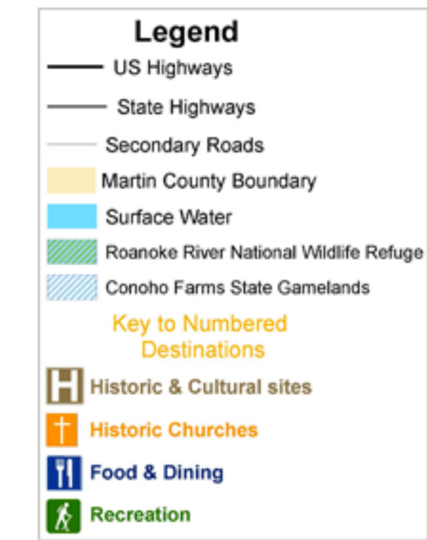
Map guide to the cultural, dining and recreation sites in Martin County.
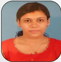
LAKSHMISREE AIR 484
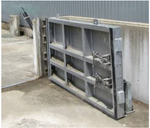
Fig. 14. Flood gate in Unosumai central office, Japan.
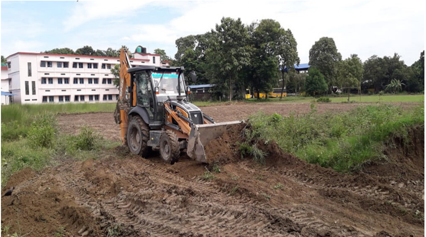
School compound is extended

An advantage of living on the Nepal-India border is the coming-and-going of interesting guests. The campus has been getting a 'make-over' while the students are away.

* * * * * * * * *

PROBLEM TO WORK ON:
Begin at the line with "Fig. 14. Flood" and retype exactly every line through the last one of the entries above, both included, and nothing more; pictures stay out.

RESPONSE AREA:
Fig. 14. Flood gate in Unosumai central office, Japan.
School compound is extended

An advantage of living on the Nepal-India border is the coming-and-going of interesting guests. The campus has been getting a 'make-over' while the students are away.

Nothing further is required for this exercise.